To get up and say there are many perspectives is, in itself, liberalism of a kind; not liberalism as a conscious set of ideals but liberalism as an attitude to life—a kind of bland agreeability and desire to be liked and to take all views into account, to canvass all opinions. I suppose everyone has that disposition to some degree or other—though for some people it is very small indeed—and it is from that desire to be agreeable or to be liked or think the best, to take a bien-pensant view, that liberalism as a disposition emerges. Liberalism is not really about concrete demands regarding human rights or liberal democracy; indeed, I suspect the best liberals have almost no concrete views whatsoever; and this is what makes them so difficult to counter.
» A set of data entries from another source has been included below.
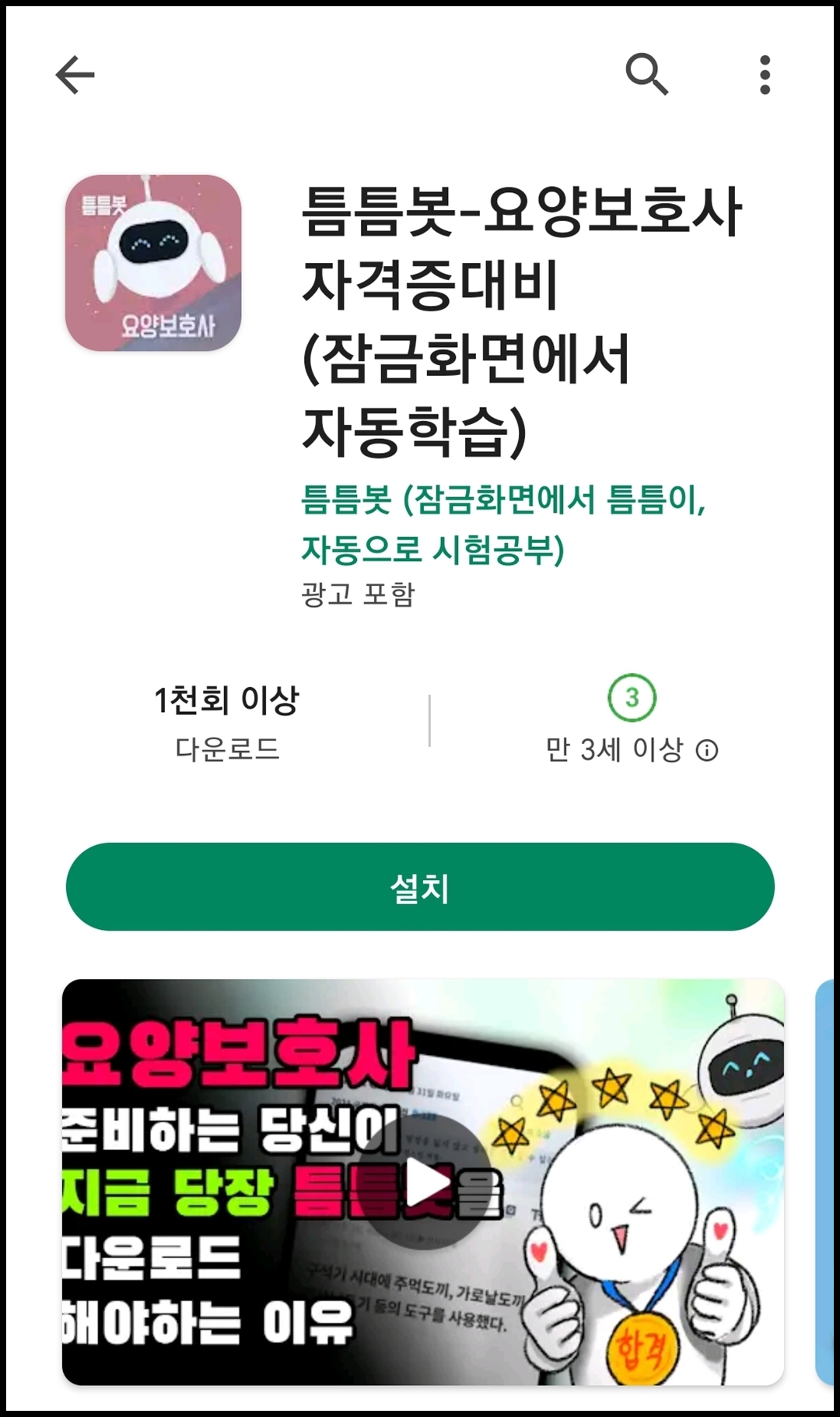 틈틈봇-요양보호사 자격증대비 (잠금화면에서 자동학습) 어플 설치 및 다운로드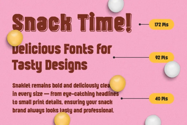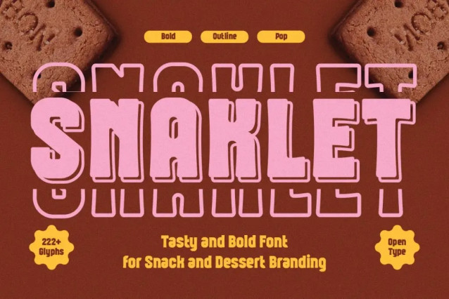 Snaklet Pop Font is a bold handwritten display font crafted to elevate snack and dessert packaging with a flavorful and friendly vibe. Its chunky curves and dynamic strokes give off a deliciously playful and energetic feel—perfect for catching eyes on shelves or scrolling screens.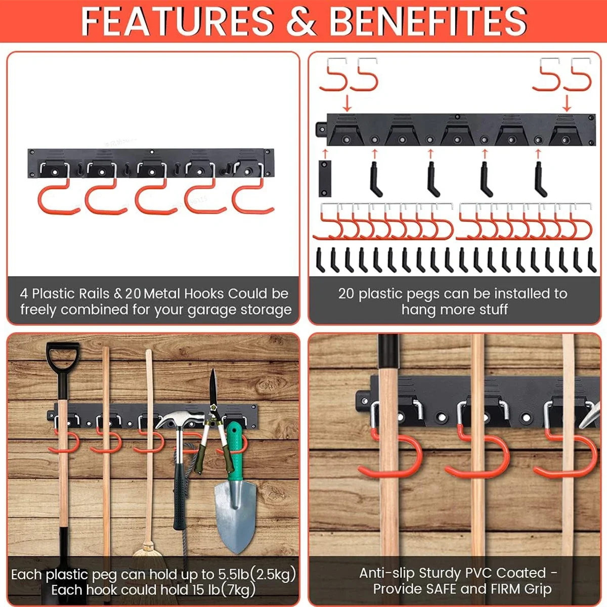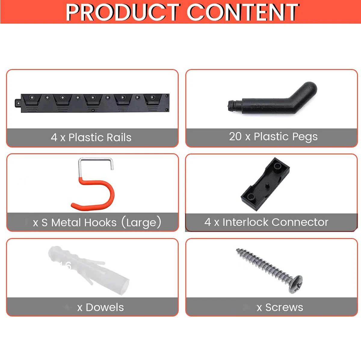 Le système de stockage réglable est fabriqué en matériau ABS robuste de haute qualité pour assurer une excellente qualité. Chaque unité de stockage mesure 16 pouces de long, soit un total de 4 rails, jusqu’à 64 pouces. Chaque crochet est livré avec une broche de revêtement en vinyle antidérapant pour de meilleurs outils de fixation.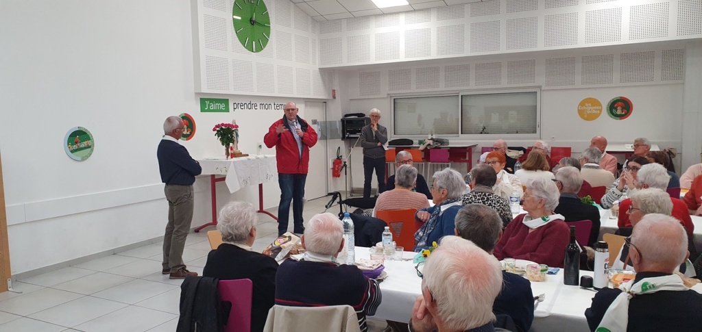 Nous avons débuté la journée par la messe en l’église St Vincent, elle a été concélébrée par Don Martin Bonnassieux, notre aumônier Stéphane Poirier et un prêtre de passage dans la paroisse Notre Dame en Aubance. Deux diacres étaient également présents, dont Jean Paul Sautejeau de notre délégation. Moment de recueillement et de pensées vers les personnes qui n’ont pas pu venir et celles décédées.
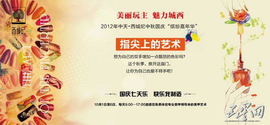 文章导读:美丽玩主魅力城西 中天·西城纪中秋国庆缤纷嘉年华靓丽起航 枯燥的上班结束,精彩的长假即将起航,中天·西城纪特别为广大新老业主准备了为期6天的嘉年华,活动期间至展厅可免费体验美甲、彩妆、造型,还

They are like jelly; and they are like jelly because their reality denial stems from a constitutional niceness and, indeed, politeness; for to be polite is really to lie, to lie in a way that lubricates social intercourse—if that does not, in fact, strike you as too vulgar. So the liberal can end up pretty much as those grizzled libertarians always said: “Reality is right wing, buddy. You better believe it. Wake up and smell the coffee.”
The thing about reality is it has this quality where it just comes at you; it does not stop to canvass opinions or to take all perspectives into account. You either move with it—roll with the punches—or get flattened. Certain jobs predispose people to face reality: I often return to the combat military and pilots to exemplify right-wing values because these are very reality-adjusted jobs. You cannot negotiate with reality when it comes to aircraft: you can either get it up or not; and once it is up, you better make sure you know how to keep it up—or else you are going to die. And that is reality.
I once drove into a big city, among Britain’s biggest cities, with a girl in a little Fiat 500. She was a blonde, a Leo, as am I, by the initials E.S. and she was about to fall for me—you know, when two lions meet it can be quite a clash. Her nephew, on his way to university, was in the front passenger seat. A pudgy guy, a guy who turned out all right in the end; but back then he was worthless—or detached from reality, anyway. As we passed mile after mile of city turned over to the Muslims he wittered on—being a kid from a nice little white middle-class town—about how glorious the diversity was and how where he came from was “hideously white”.
In the back, I knew the score: he had these soft liberal sentiments and when he saw the reality all the tribal self-preservation instincts activated—yet all his life people said those instincts, survival instincts, were bad and perverted. To resolve the contradiction, reaction formation kicked in and he praised and claimed to adore what he instinctively despised. And that is liberalism: when you refuse to accept the reality in front of your own face, and when you refuse to accept the reality of your own thoughts and feelings—and then you put up some ridiculous squid ink of lies about how lovely you think it all looks, and perhaps gain prestige through moralism. Well, it took him a few years to get in shape and stop lying, but it turned out, in the end, he was no liberal; and that was reality.